Back to posts

Zero Cost AI and Slow Thinking Systems

May 27, 2026

Recently I've been tinkering with small language models. These models are able to run on my MacBook, use around 7-30GB of Unified Memory, and able to do a lot of things. They are good at tool calling and can accomplish trivial tasks like calling the right API as long as the task is well defined. (My reference models in this case are Gemma4 e4B and Gemma4 27B.)

I actually call them Zero Cost Intelligence (well, not exactly free, but almost negligible compared to the API cost of LLMs). Intelligence might be an overrated term, so I prefer to call them Language and Reasoning Simulators. And that made me wonder: is it possible to build a system that uses a group of these models (small models running on consumer hardware, or not needing expensive GPUs) and is able to do some tasks (a subset of enterprise-level tasks)?
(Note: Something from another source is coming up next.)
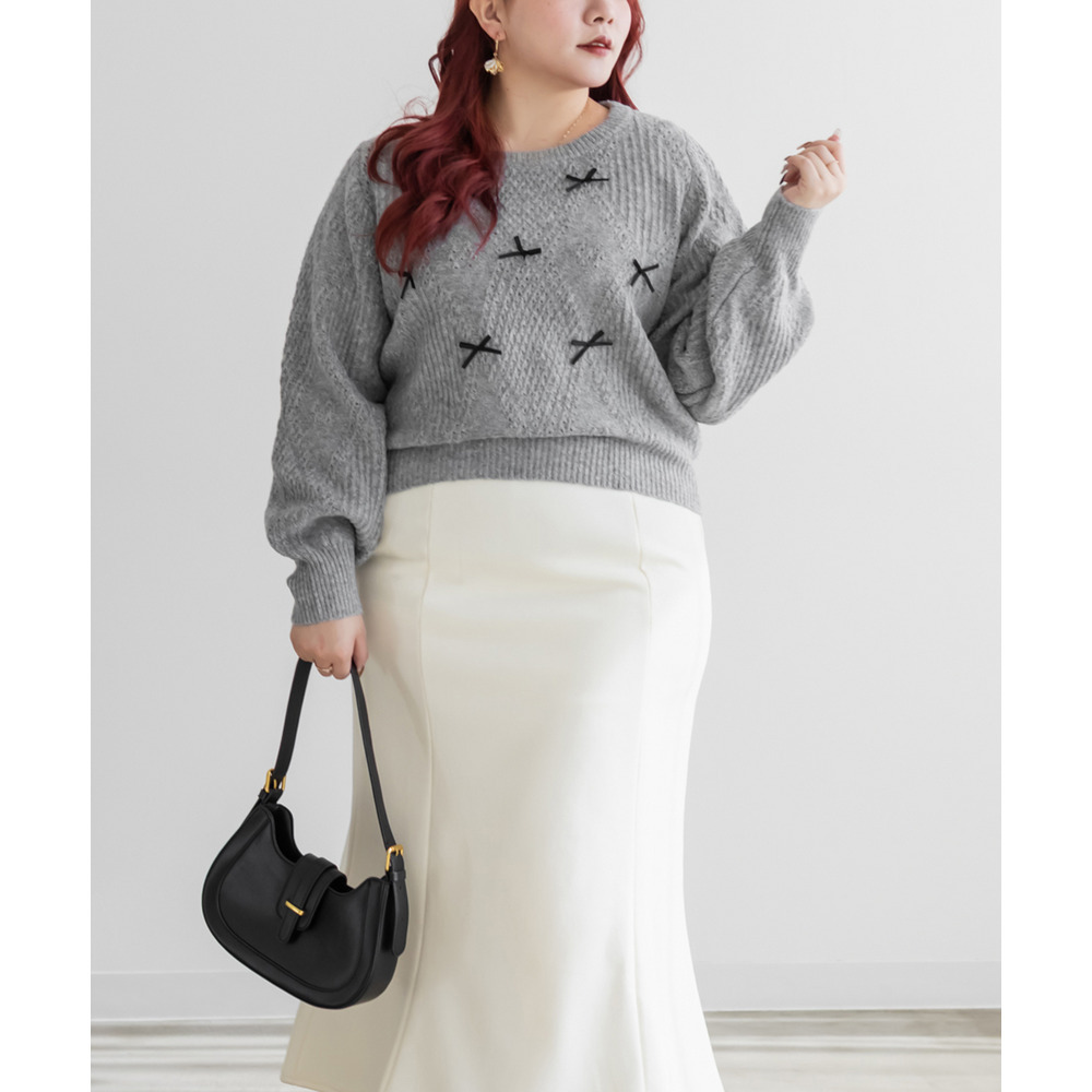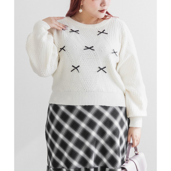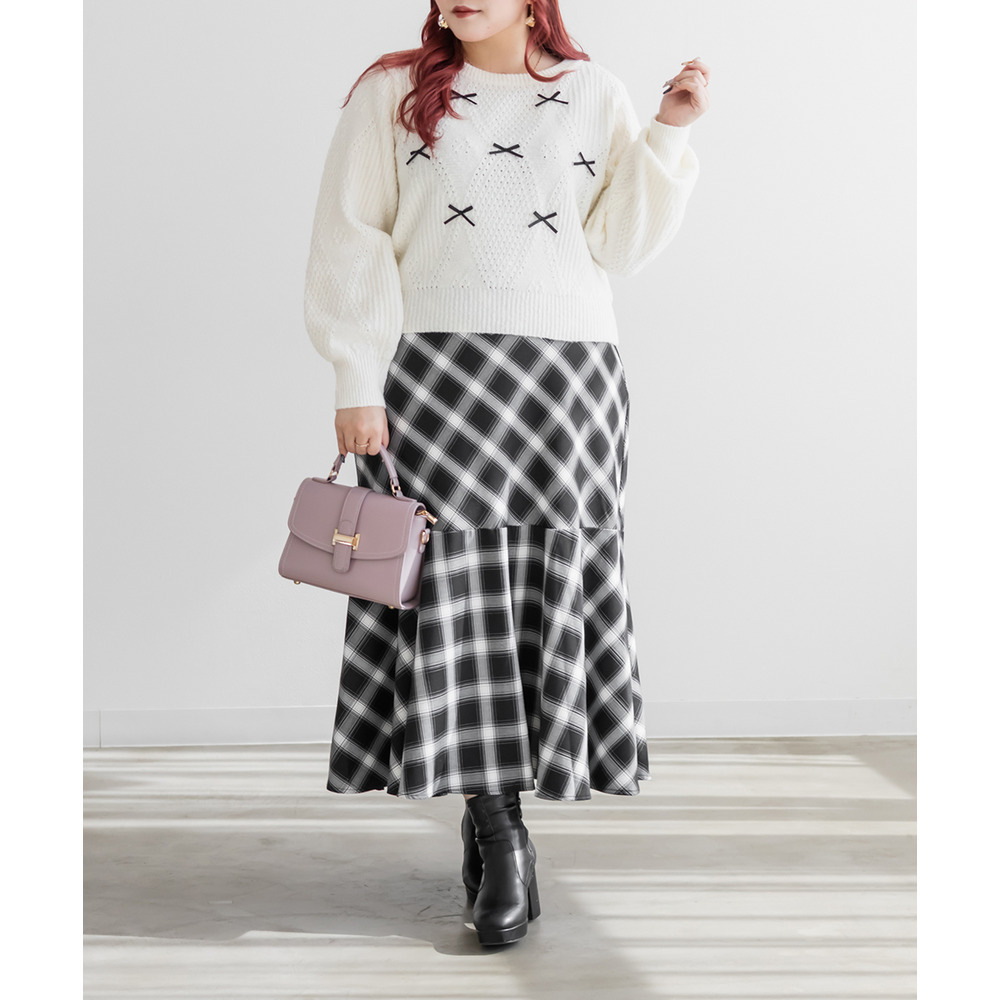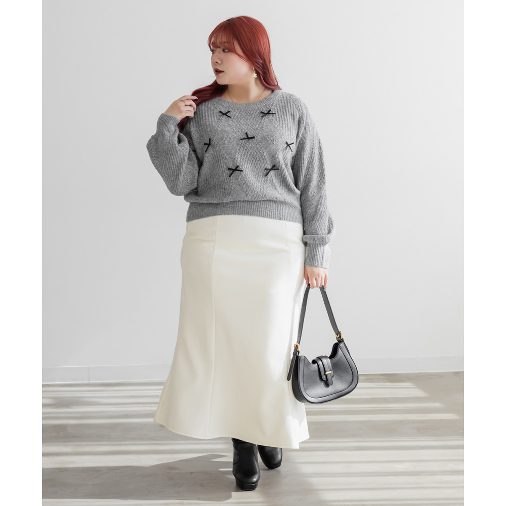 | 3Lサイズを着用してちょうどいいサイズ感でした。程よい丈感でトップスインしなくても着られるのが魅力です◎リボンがたくさんあしらわれたデザインで、ガーリーコーデにぴったり!1枚でかわいくなれるので、シンプルなボトムスとコーデするのがおすすめ!コートなどのアウターとも重ねやすいです! |

Plus, not all tasks need realtime output. For example, when you are sleeping and these LLM agents are working in the background, it is not necessary that the output token speed should be realtime. So if you have a workflow or tasks that don't need to provide immediate output, why not run them using a system of these small models?

System of Small Models: as we know, small LLMs are not very smart, so in order to improve the reliability of tasks, we need to build up a system that is able to channelize the model towards the right direction and eventually towards the right output.

An example system could look like:

  • A Large Reasoning Model creates a trajectory plan: very detailed steps for the other less intelligent model to follow.
  • A small language model then follows that trajectory.
  • There could then be another agent using a small model that verifies at the end.